У краснобороденького хабарчи Язмурада всегда был полный хурджин новостей: жизнь вечно изменчива — жизнь есть событие; уметь наблюдать ее — весенние страсти черепах и верблюдов, битвы псов, скарабеев — жуков-навозников, скорнпонов и фаланг, движение окилана — змеи-стрелы, ветра и песков, человеческих глаз и рук, старые и свежие следы — есть дар познания, чутье бытия; событие; и сила знойного беззапретного воображения творит события.
Человек создает вещи и войны, революции и особняки, всенародные связи, скиты, изуверства, истины, идеи, подлости, чудеса, небылицы; брехня должна быть вещей, небывалой, как и поэзия. Брехать народу, чтобы он хохотал и, хохоча, обновлялся мыслию и волею, — наглое развлечение, искусство бесстыжих и жизнерадостных. Пастухи, вежливо прощали грубость слова — была бы смелость вымысла, радость неожиданности.
Ель сказал Кабиносову:
— Может быть, я и вы — навоз…
— Перегной? Оставим эту болтовню!
— История меняет социальные знаки, Константин Кондратьевич, плюсы перевоплощаются в минусы — и наоборот!
— Есть древнеегипетский знак вечности.
— Некогда нам заниматься вечностью, мы стремительны, земля в страшном беспорядке, всюду сор и пыль веков, неубранность и неизвестность!
— Все есть процесс.
— Вы не даете закончить мысль!
— Разорванное мышление отвратительно.
— Он — не коммунист! — став стройным в гневе, вскричал Ель; издали, с лысого бугра, он указал на большую кибитку.
— А что оно?
— Он угнетает, он — шкура, самозванец, оборотень! Думаете, я не знал подлинных коммунистов? Нет знал и знаю! В Питере я отдался марксистской философии, я ослабел от отчаяния, сомнений, неловкой жизни, и Шопенгауэр грыз меня, как шакал, будущее казалось мне кукишем, прошлое — кровавой лужей, и был лишь один человек, который считал меня человеком; он был поврежден пытками офицерья в плену у генерала Шкуро, он испытал голое одичание, спасаясь в пустынных снегах, он плача расстрелял двух лучших друзей — одного за простодушие, другого за самовластие, он был бездетен, и любимая жена бросила его, — он добровольно уехал работать в район, где люди пожирали трупы (и до этого способны довести народ кабинетные теоретики!), и он был падежным человеком науки, когда мы познакомились, он жил безбытно, одиноко, с утра до ночи — в терпеливом мире лабораторий, — и у него всегда находились для меня хлеб и колбаса, насущные мысли, насмешка и чуткость. А что я ему? Человек. И он был подчеркнутый человек, коммунист. В кибитке же у нас сидит отребье — и смрадно дышит!

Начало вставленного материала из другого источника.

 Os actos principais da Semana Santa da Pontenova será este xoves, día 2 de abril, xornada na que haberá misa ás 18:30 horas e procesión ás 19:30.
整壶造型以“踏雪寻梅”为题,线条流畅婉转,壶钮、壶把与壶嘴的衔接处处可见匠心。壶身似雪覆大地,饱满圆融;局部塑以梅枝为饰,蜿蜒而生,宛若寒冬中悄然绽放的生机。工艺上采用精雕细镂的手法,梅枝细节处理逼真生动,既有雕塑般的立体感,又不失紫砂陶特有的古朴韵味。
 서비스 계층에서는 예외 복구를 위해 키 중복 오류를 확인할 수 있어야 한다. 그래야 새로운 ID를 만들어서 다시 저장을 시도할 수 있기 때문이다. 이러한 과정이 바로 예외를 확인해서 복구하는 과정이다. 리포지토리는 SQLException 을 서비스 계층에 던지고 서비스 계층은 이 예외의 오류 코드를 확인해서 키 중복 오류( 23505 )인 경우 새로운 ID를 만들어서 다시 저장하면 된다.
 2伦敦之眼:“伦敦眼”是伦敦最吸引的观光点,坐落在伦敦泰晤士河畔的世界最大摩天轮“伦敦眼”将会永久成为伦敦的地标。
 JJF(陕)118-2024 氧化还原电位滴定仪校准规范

— Директор имеет право сидеть, где захочет.
— Оставьте, Константин Кондратьевич, не прикидывайтесь вахмистром, старослуживым!

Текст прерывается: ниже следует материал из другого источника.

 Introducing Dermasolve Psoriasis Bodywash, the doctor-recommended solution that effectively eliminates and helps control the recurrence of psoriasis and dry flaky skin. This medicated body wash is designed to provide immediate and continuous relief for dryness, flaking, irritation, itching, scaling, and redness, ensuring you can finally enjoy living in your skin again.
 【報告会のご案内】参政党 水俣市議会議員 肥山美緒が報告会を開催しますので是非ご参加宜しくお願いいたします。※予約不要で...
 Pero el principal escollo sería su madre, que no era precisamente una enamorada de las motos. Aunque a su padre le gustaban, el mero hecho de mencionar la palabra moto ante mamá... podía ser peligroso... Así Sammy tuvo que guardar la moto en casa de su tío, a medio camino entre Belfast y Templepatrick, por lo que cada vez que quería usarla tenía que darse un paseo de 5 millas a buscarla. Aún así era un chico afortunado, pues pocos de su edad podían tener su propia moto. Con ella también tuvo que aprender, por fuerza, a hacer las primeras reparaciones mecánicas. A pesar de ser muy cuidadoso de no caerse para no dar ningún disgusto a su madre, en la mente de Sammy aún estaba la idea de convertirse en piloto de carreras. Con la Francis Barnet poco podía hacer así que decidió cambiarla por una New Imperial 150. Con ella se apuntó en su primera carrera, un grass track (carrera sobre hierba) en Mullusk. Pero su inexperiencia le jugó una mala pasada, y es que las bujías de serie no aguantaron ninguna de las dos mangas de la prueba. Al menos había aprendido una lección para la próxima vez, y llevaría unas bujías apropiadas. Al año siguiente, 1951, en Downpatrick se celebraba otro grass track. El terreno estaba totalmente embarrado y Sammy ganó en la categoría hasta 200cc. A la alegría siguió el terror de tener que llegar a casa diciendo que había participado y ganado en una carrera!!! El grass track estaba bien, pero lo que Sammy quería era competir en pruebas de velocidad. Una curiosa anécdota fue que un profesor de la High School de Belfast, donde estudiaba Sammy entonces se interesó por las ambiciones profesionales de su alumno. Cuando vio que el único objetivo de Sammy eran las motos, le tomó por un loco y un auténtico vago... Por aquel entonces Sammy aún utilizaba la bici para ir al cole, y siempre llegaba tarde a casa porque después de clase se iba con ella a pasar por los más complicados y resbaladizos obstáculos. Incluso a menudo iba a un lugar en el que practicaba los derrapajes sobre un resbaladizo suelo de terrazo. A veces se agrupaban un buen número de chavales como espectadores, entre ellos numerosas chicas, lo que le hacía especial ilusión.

— Не вижу я ничего социально преступного в том, что директор одиноко воняет в кибитке.
— Эксплуататор! Мировой прохвост!
— Вы умеете ненавидеть.
— Классовое чутье. Я хочу пользоваться дарами социализма. Я хочу быть человеком крупных знаний, больших помыслов. Я хочу неустанной человечности. Полноценная личность — бог социализма! Все, кто подтачивает или растрачивает мой кровный социализм, враги моей мечты! До революции я не знал классовой ненависти, я был ничтожен, сейчас я человек надежды, я будущее люблю, я ненавижу сволочь вчерашнего века, насильников, вельмож, воров, льстецов, холопов, паразитов, растлителей социализма!
— Артыков вас не слышит. Жаль.
— Вы обязаны обезвредить его!
— Я не укротитель змей.
— Вы — гражданин? Или беспартийный?
— Где же я вам в пустыне найду милиционера?

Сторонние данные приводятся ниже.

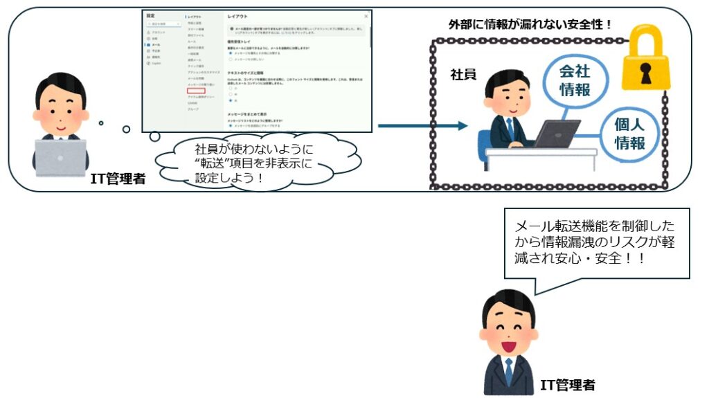 Outlook on the web (OWA) の転送設定を非表示にする方法 内で公開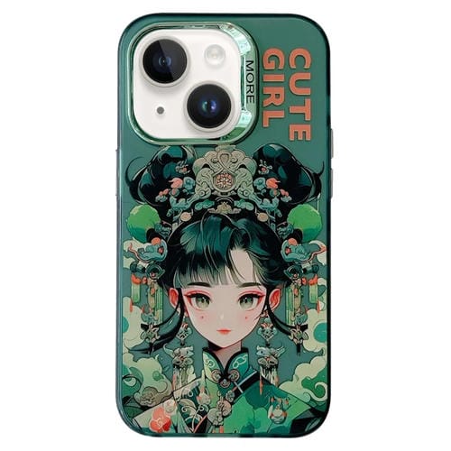 Caja del Teléfono iPhone 13 Estilo Antiguo Chino Lente Galvanizada Anillo PC Híbrido TPU (Chica de Fondo Verde)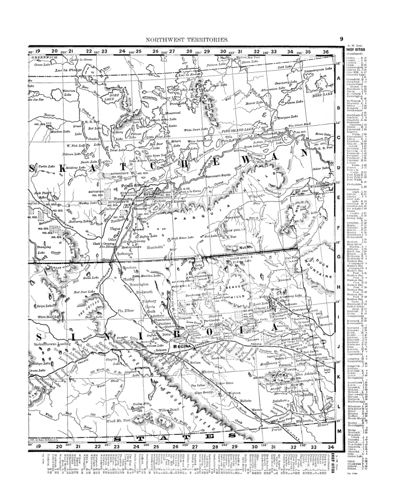 Each Range was sliced into blocks called Townships which were also numbered, according to their distance from the American border. Township 1 in each range was always closest to the border.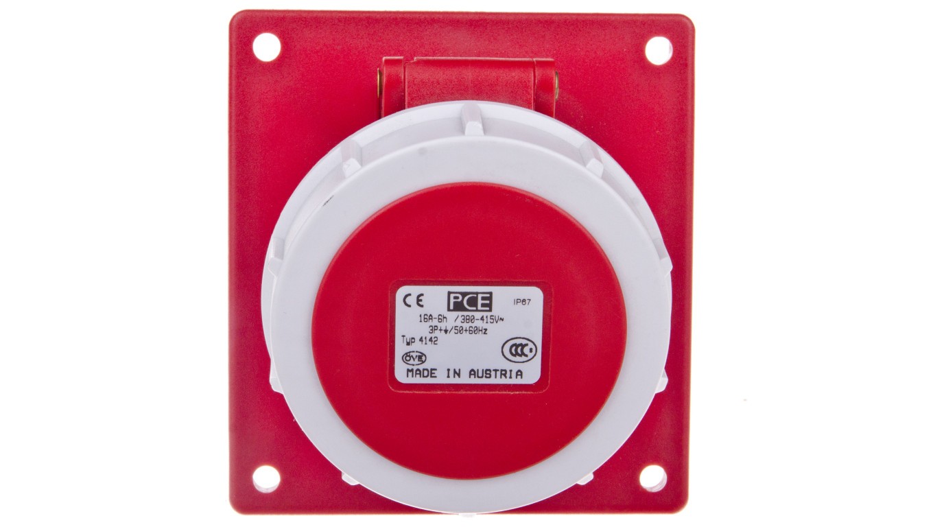 Gniazdo tablicowe skośne 16A 4P 400V czerwone IP67 POWER TWIST 4142-6

— Легкомыслие! Не ожидал, Константин Кондратьевич!
— А я плевал. Социализм будет — вопреки всем директорам.
— Нет, нехорошо у нас на колодцах!
— Валентин Валентинович, идея социализма есть идея, то есть познание плюс помысел, следовательно — процесс. Идея живет в нас? Жива, мы впитали ее. Мы — пролетарии пустыни, советские пролетарии, творим, обманываемся, изменяем, деремся, изобретаем, учимся, умнеем, хитрим, дабы вылепить новизну небывалого человека — его мировой мир.
— Не агитируйте меня, я зол.
— Я не агитатор, я зоотехник, рабочий человек, мастеровщинка.